Effects of WSHM on the growth (A), AHL production (B), exopolysaccharide production (C), and exoY and expE gene expression (D) in S. meliloti 8530. All the data are expressed as average ± standard deviation (SD) (n = 3). Statistical significance was assessed by Student’s t-tests (^∗P < 0.05; ^∗∗P < 0.01; ^∗∗∗P < 0.001). For exopolysaccharides production (C), S. meliloti 1021 (ΔexpR) was also included. (A) YM-CN broth: the nitrogen (yeast extract) and carbon (mannitol) source in YM broth were removed.

FIGURE 3

Effects of WSHM on the expression of genes involved in the QS system in S. meliloti 8530 (A), S. meliloti 1021 (B), S. melilotiΔsinR (C), and S. melilotiΔsinI (D). Data are expressed as average ± SD (n = 3). Statistical significance was determined using Student’s t-tests (^∗P < 0.05; ^∗∗P < 0.01; ^∗∗∗P < 0.001).

FIGURE 4

Expression of P_expR-lacZ in S. meliloti 8530 (WT) and S. melilotiΔqsrR mutant treated with either 500 mg L^-1 WSHM or 2% alfalfa seed exudates (E), respectively. Alfalfa seed exudates were used to assess whether WSHM could repress expR expression in a manner similar with plant signal. Data are expressed as average ± SEM for three replicates. Different letters indicate statistical significance as assessed by Duncan tests (P < 0.05).

FIGURE 5

Electrophoretic mobility shift assays confirmed direct binding of QsrR to the expR promoter (pexpR). pexpR is a 286 bp DNA fragment from the translational start codon of gene expR. Each lane contained 0.005 nM of labeled pexpR. The labeled pexpR and a ∼100-fold excess of the unlabeled pexpR were used in competitive assays. Labeled non-specific DNA from Streptomyces avermitilis was used as negative control.
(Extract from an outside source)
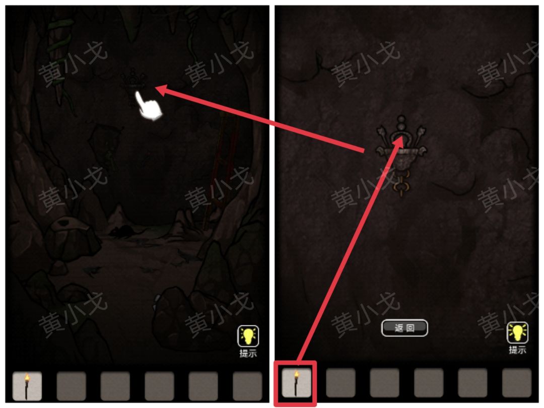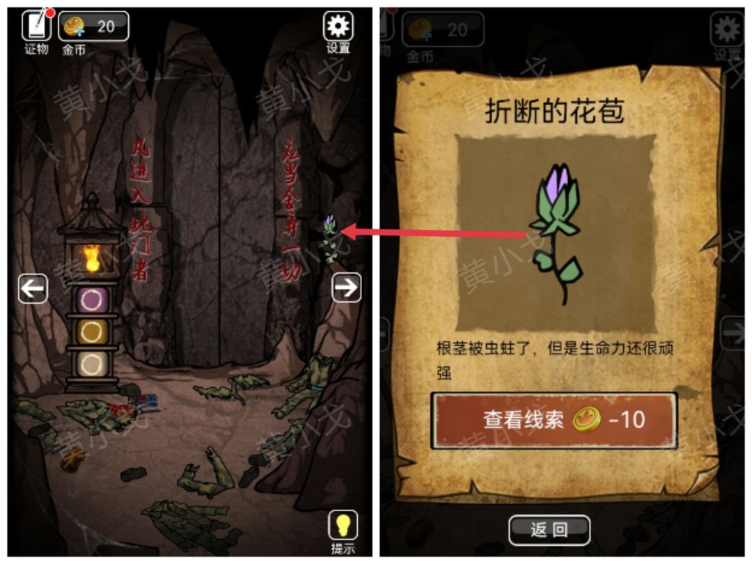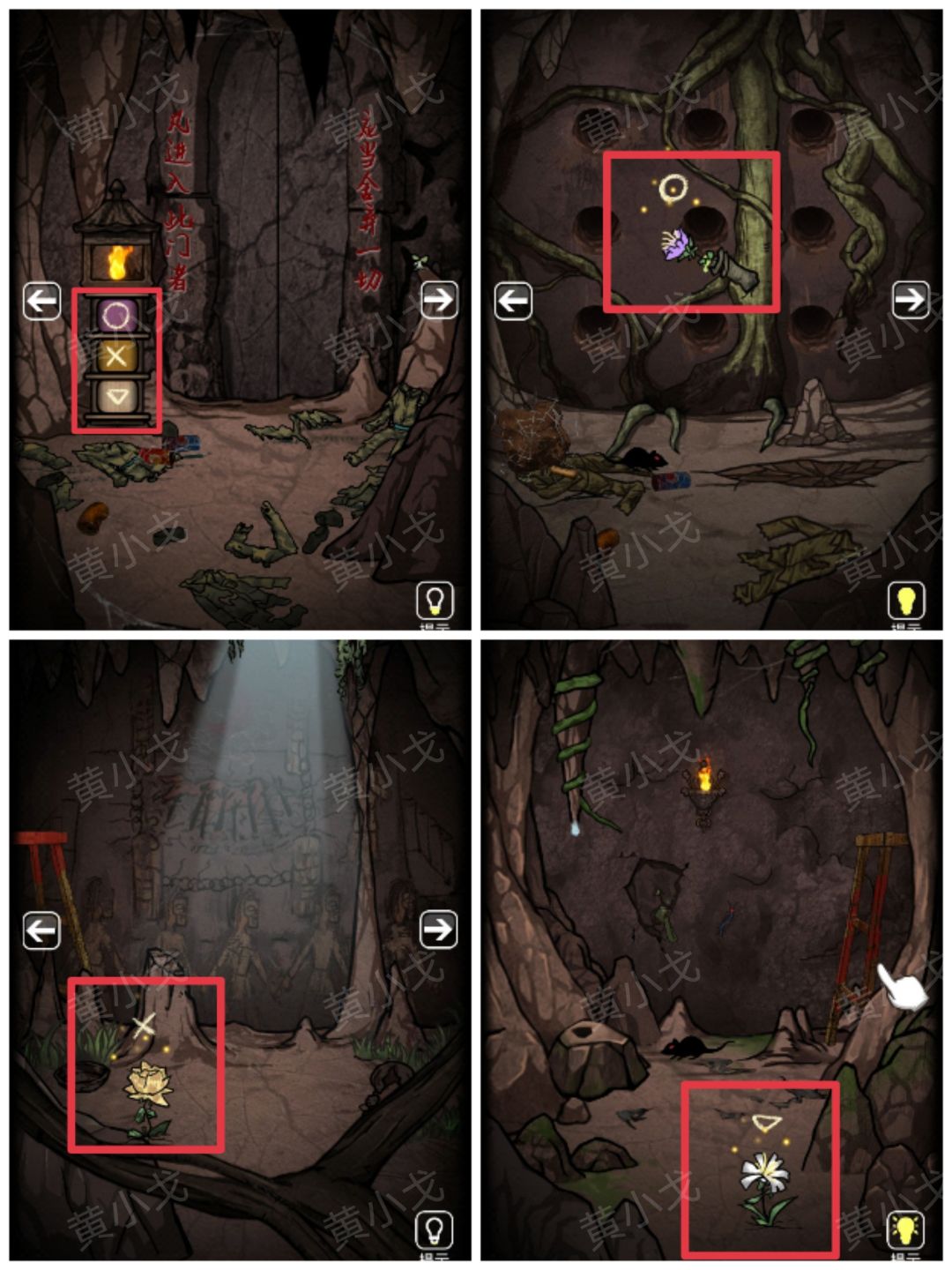 22.点击石柱机关,根据三色花上的符号线索和石柱的颜色,调整至对应的符号;打开石门
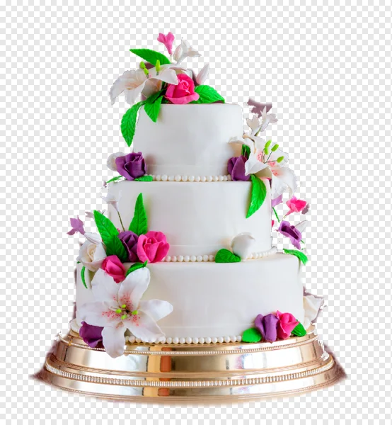 Download this stunning high-quality PNG of an elegant 3-tier white wedding cake, perfect for your next design project. Adorned with vibrant pink and purple roses, delicate white lilies, lush green leaves, and classic pearl-like borders, this beautiful celebration cake sits gracefully on a golden stand. Ideal for wedding invitations, anniversary cards, birthday designs, digital scrapbooking, presentations, or any creative endeavor requiring a sophisticated dessert visual. With a transparent background, it's effortlessly easy to integrate into any layered graphic. Get your free download now and add a touch of sweetness and charm to your creations!

The amount of His₆-QsrR added in each lane were 0 μM, 0.92 Mm, 1.65 μM, 2.38 μM, 3.3 μM, 4.77 μM, 4.77 μM, and 4.77 μM, respectively.

FIGURE 6

Bacterial-one-hybrid assays showing interaction between expR promoter (R1, R4) and QsrR which was potentiated by WSHM. (A) Schematic diagram of bacterial one-hybrid system. The HIS3/URA3 cistron is in the pH3U3 prey vector. The target DNA sequences were ligated to pH3U3. The binding of DNA-binding domain (DBD, ligated to pB1H1) with the target DNA sequence enables the transcription of HIS3 and URA3. The expression of HIS3 enabled E. coli USO grow on NM selective medium containing the desired concentration of 3-amino-triazole (3-AT), a competitive inhibitor of HIS3. The expression of URA3 prevented E. coli USO growth on medium containing 5- fluoroorotic acid (5-FOA). This figure was adopted from Meng et al. (2005). (B) Schematic diagram of the promoter region of gene expR which was cloned into pH3U3. “+1” in red was marked as the transcription start site of expR which was located in 87 bp upstream of ATG of expR (Charoenpanich et al., 2013). Regions R1, R2, and R4 were ligated to pH3U3 prey vector to detect the binding region of QsrR. Region R1 is the entire intergenic region between expR and SMc03900. Region R2 is the middle region of R1 which lost the 87bp right flank and the 76bp left flank of R1. Region R4 is the left flank of R1 (142 bp). The blue arrows indicate transcriptional direction of expR and SMc03900. Region R2 was excluded from further analyses because of the high level self-activation of (E. coli USO: pB1H1/pH3U3-R2) (see Materials and Methods for details). (C) The interaction of QsrR and pexpR was assayed by the growth of bacteria on selective medium (NM lacking histidine) supplemented with 2, 3, or 5 mM of 3-AT. The genetic information of test strains is labeled on the left. “+/–” indicated that qsrR gene was cloned into pB1H1 (+) or the plasmid was left empty (–), and similar information for pH3U3. Images were assembled and the marked lines were eliminated without modifying the observed data in Adobe Photoshop CS5.